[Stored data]
+ + + + + + +

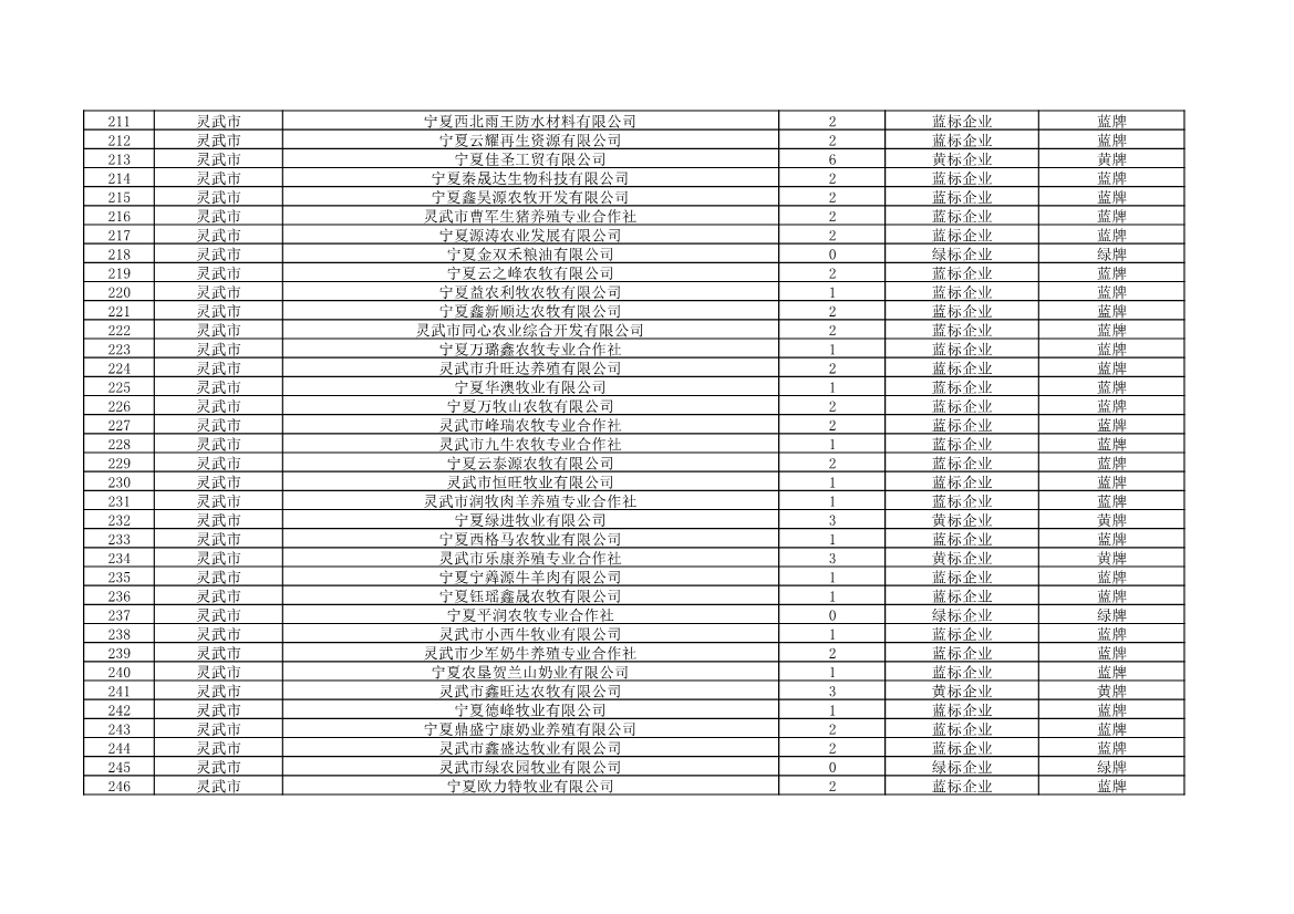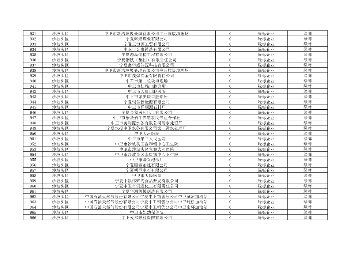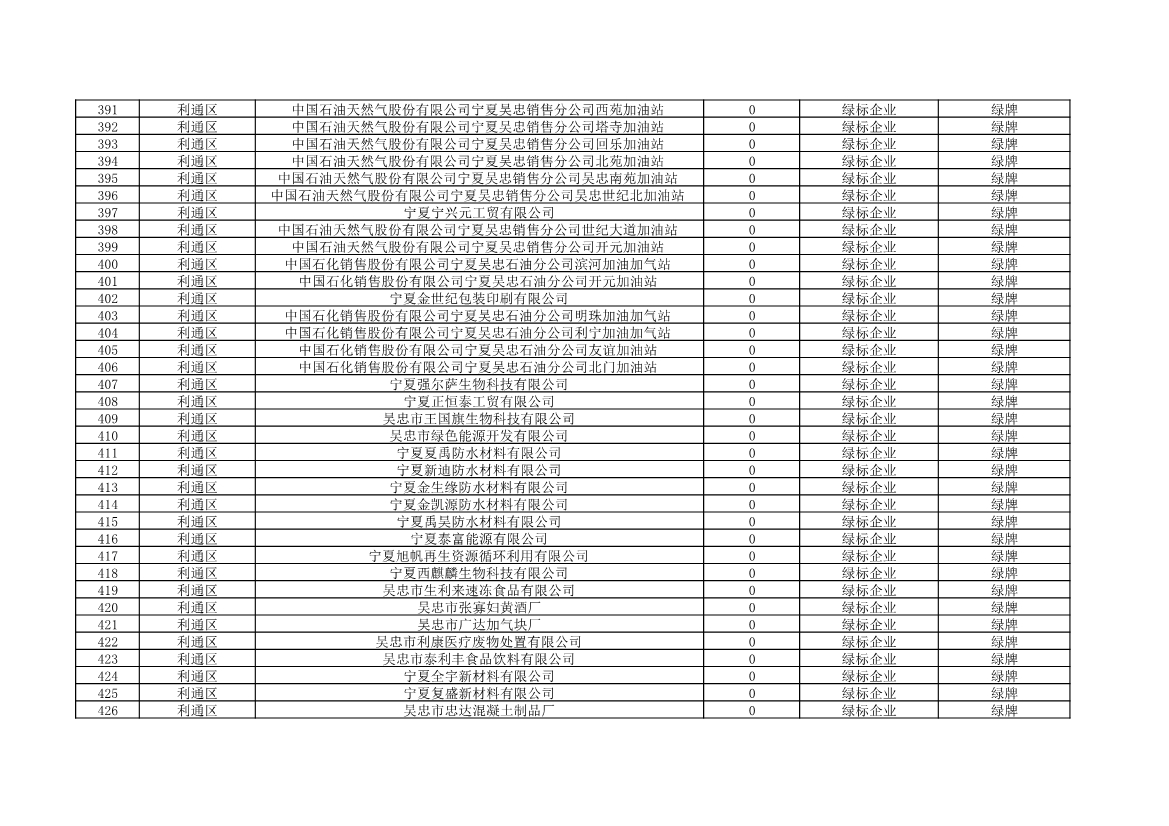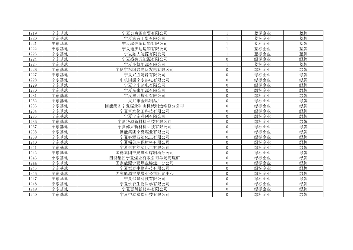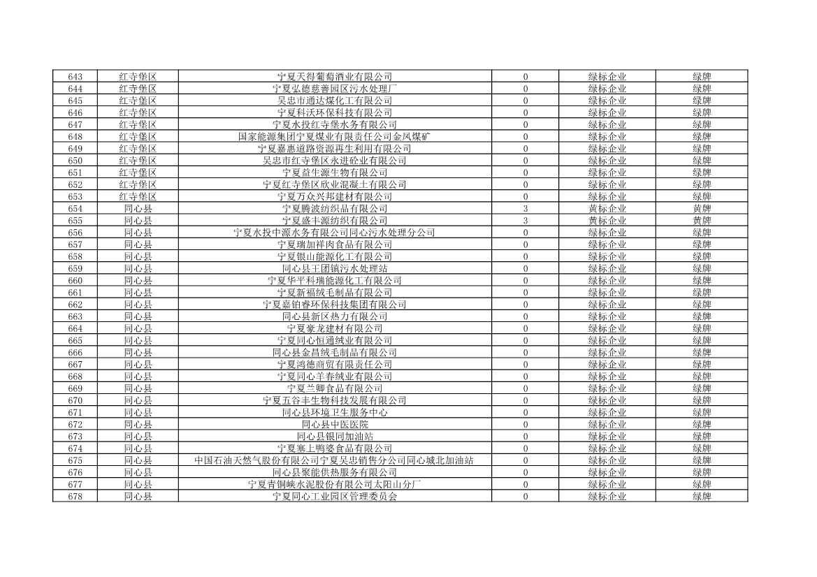 根據(jù)《中華人民共和國環(huán)境保護法》《企業(yè)信息公示暫行條例》等法律、行政法規(guī)和《企業(yè)環(huán)境信用評價辦法(試行)》(環(huán)發(fā)〔2013〕150號)、《寧夏回族自治區(qū)企業(yè)環(huán)境信用評價辦法》(寧環(huán)規(guī)發(fā)〔2019〕5號)規(guī)定,自治區(qū)生態(tài)環(huán)境廳組織全區(qū)各地級市生態(tài)環(huán)境部門開展了2021年全區(qū)企業(yè)環(huán)境信用評價工作。全區(qū)參評企業(yè)1250家,其中綠牌969家、藍牌226家、黃牌52家、紅牌3家。現(xiàn)將評價結(jié)果予以公布。
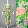 Small Green Maxi Dress 1970s Pink Floral Long Bishop Sleeve
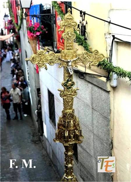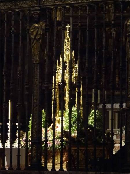La custodia del cardenal Cisneros encargada al orfebre Enrique Arfe, iluminada entre penumbras en el presbiterio catedralicio, poco antes de enseñar sus brillos, por las calles en el Corpus Christi de Toledo, fiesta grande de la ciudad.
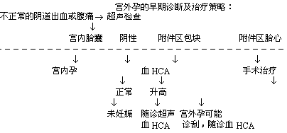 四、诊断性刮宫:异位妊娠有时不易与宫内妊娠发育不良区别。如二者均可有停经、阴道流血、血hCG的升高及血孕酮水平的异常、B超检查宫腔内无妊娠胎囊、可有或无附件包块。诊断性刮宫如肉眼发现绒毛或显微镜下检查发现绒毛即可诊断为宫内妊娠。无未发现绒毛,则应考率异位妊娠或宫内妊娠完全流产。刮宫后观察血hCG的变化有利于诊断。如果hCG持续升高或不变,异位妊娠可以诊断,应进行治疗。如果血hCG滴度逐渐下降,可以继续观察直到血hCG恢复至正常。
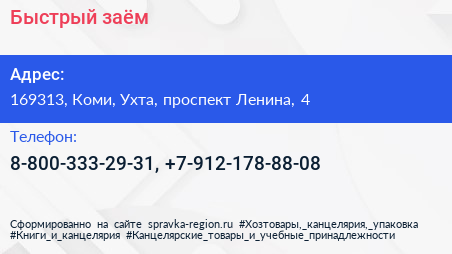 Быстрый заём по адресу 169313, Коми, Ухта, проспект Ленина, 4 в дальнейшем Организация, размещена в следующих категориях:
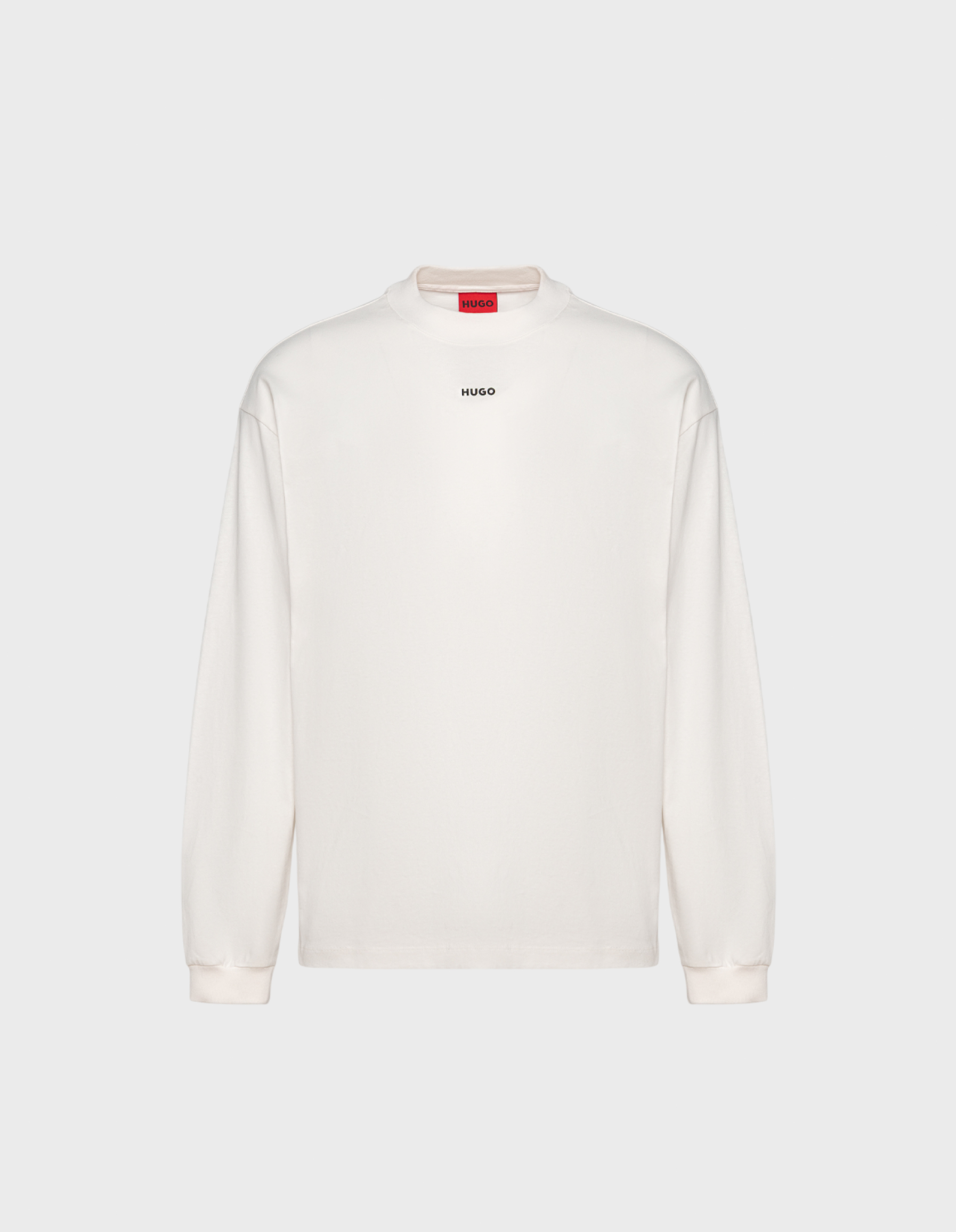 Мужской лонгслив HUGO молочного цвета – идеальный базовый элемент гардероба из мягкого 100% хлопка! Подходит для ежедневного ношения благодаря комфорту и стилю. Идеально сочетается как с джинсами, так и с брюками, подчеркивая ваш уникальный стиль.

+ + + + + + +

● DIRECTIONS FOR THIS TASK
Set down the data exactly as it appears, without any images.

● SOLUTION FOR THIS TASK
 根據(jù)《中華人民共和國環(huán)境保護法》《企業(yè)信息公示暫行條例》等法律、行政法規(guī)和《企業(yè)環(huán)境信用評價辦法(試行)》(環(huán)發(fā)〔2013〕150號)、《寧夏回族自治區(qū)企業(yè)環(huán)境信用評價辦法》(寧環(huán)規(guī)發(fā)〔2019〕5號)規(guī)定,自治區(qū)生態(tài)環(huán)境廳組織全區(qū)各地級市生態(tài)環(huán)境部門開展了2021年全區(qū)企業(yè)環(huán)境信用評價工作。全區(qū)參評企業(yè)1250家,其中綠牌969家、藍牌226家、黃牌52家、紅牌3家。現(xiàn)將評價結(jié)果予以公布。
 Small Green Maxi Dress 1970s Pink Floral Long Bishop Sleeve
La custodia del cardenal Cisneros encargada al orfebre Enrique Arfe, iluminada entre penumbras en el presbiterio catedralicio, poco antes de enseñar sus brillos, por las calles en el Corpus Christi de Toledo, fiesta grande de la ciudad.
 四、诊断性刮宫:异位妊娠有时不易与宫内妊娠发育不良区别。如二者均可有停经、阴道流血、血hCG的升高及血孕酮水平的异常、B超检查宫腔内无妊娠胎囊、可有或无附件包块。诊断性刮宫如肉眼发现绒毛或显微镜下检查发现绒毛即可诊断为宫内妊娠。无未发现绒毛,则应考率异位妊娠或宫内妊娠完全流产。刮宫后观察血hCG的变化有利于诊断。如果hCG持续升高或不变,异位妊娠可以诊断,应进行治疗。如果血hCG滴度逐渐下降,可以继续观察直到血hCG恢复至正常。
 Быстрый заём по адресу 169313, Коми, Ухта, проспект Ленина, 4 в дальнейшем Организация, размещена в следующих категориях:
 Мужской лонгслив HUGO молочного цвета – идеальный базовый элемент гардероба из мягкого 100% хлопка! Подходит для ежедневного ношения благодаря комфорту и стилю. Идеально сочетается как с джинсами, так и с брюками, подчеркивая ваш уникальный стиль.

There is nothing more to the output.